# string jig diy plans?



## returntoarchery

Anybody seen plans for a diy string making jig for making regular endless loop strings? I've got the string making materials (D50 and serving thread) and tools, except the jig, I used years ago to make strings from my then Martin Cougar Mag. With the expected arrival of my new Groves Spitfire mag toy, I want to make strings for it rather than buy them. I need to build a jig as the diy one I had is long gone.


----------



## Nugefan

http://www.texasarchery.org/Documents/DiStefanoStrings/ejig.html


----------



## returntoarchery

thanks.


----------



## Nugefan

anytime ....


----------



## Arrow Flinger

Here is my home made jig.

I picked up a 10 ft stick of electrical chanel at Home depot for 10 bucks. It is located in the electrical department.  They also have the washer that goes inside the chanel for $3 bucks for 4.  I used a 8 ft 1 x 6 for the base, 1 inch square tubing I had laying around for the arms.  The post are 3/8 steel rods.  Total price less than 20 bucks.  I had it done and was making strings in less than an hour.


----------



## Arrow Flinger

The washers are threaded so I welded in a 3/8 bolt.  That and welding in the rods was all the welding that was requried


----------



## devolve

anyone got a link to a string making tutorial?


----------



## returntoarchery

That's a simple but very effective looking one Arrow Flinger.


----------



## returntoarchery

devolve said:


> anyone got a link to a string making tutorial?

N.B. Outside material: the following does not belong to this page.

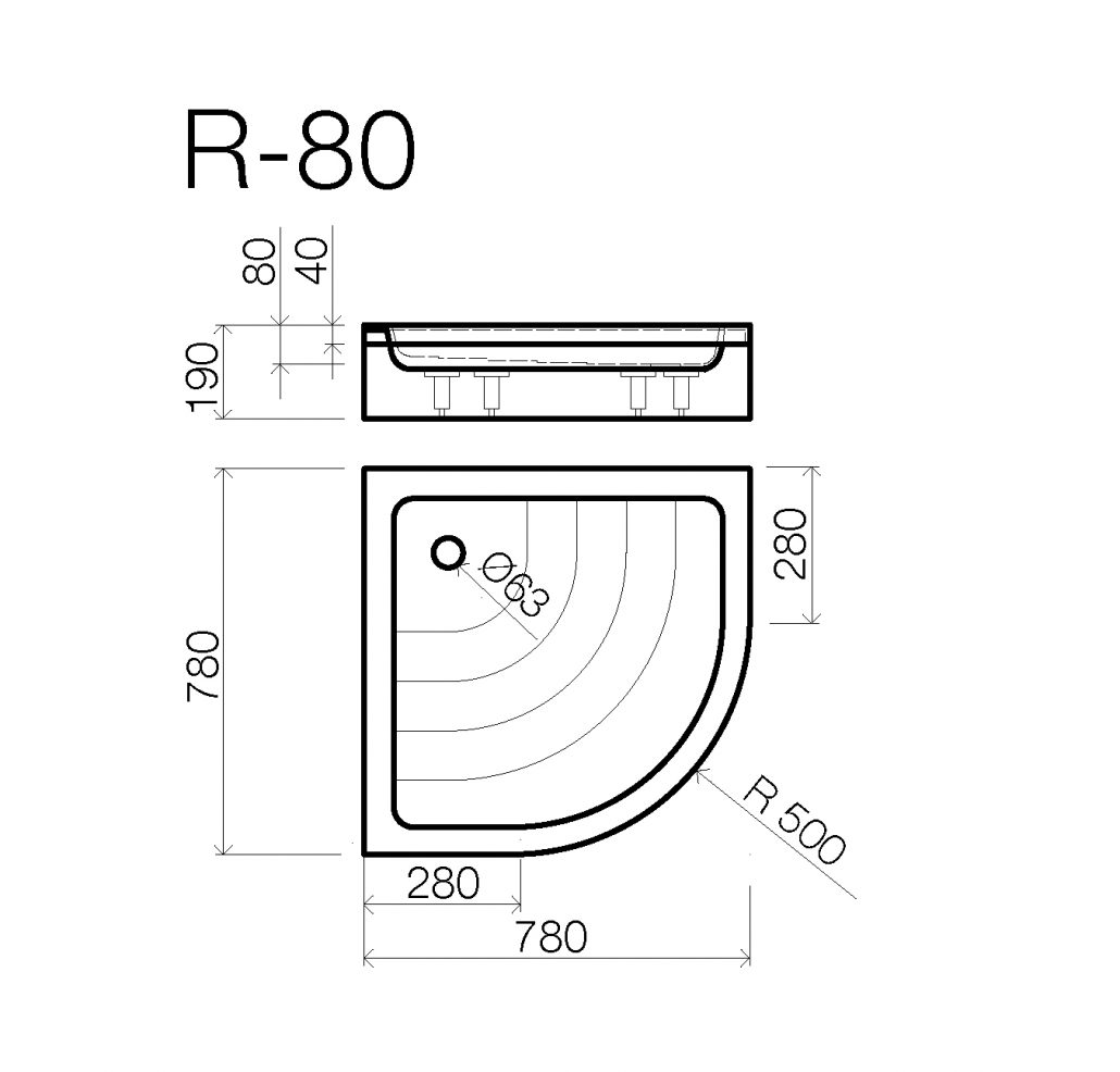 Dušas paliktnis R-80 ar perfekti glancētu virsmu.

yeah I found a good one today in pdf form. But it's on my work computer. I'll post it tomarra.

but in the mean time where a text based one.

http://margo.student.utwente.nl/sagi/artikel/usenet/string.html

here's another link with multiple pages

http://www.ssrsi.org/sr1/Weapon/archery.htm#Bowstrings


----------



## returntoarchery

here you go devolve. It's for training bows so some of it won't be for us that use REAL bows.

http://www.google.com/url?sa=t&ct=r...gs.pdf&usg=AFQjCNE9dNfyh99kA88-ADfzpa02g4x4rA

the pdf is too large for me to attach it.


----------



## bowhntr

I made a string jig 10 yrs ago ,it is for the Damascus twist and it worked very good. My buddy I think copied the video and tutorial . It was a tape so copy was not great . We made stings for at least 10 different bows and they lasted longer than the store bought ones .


----------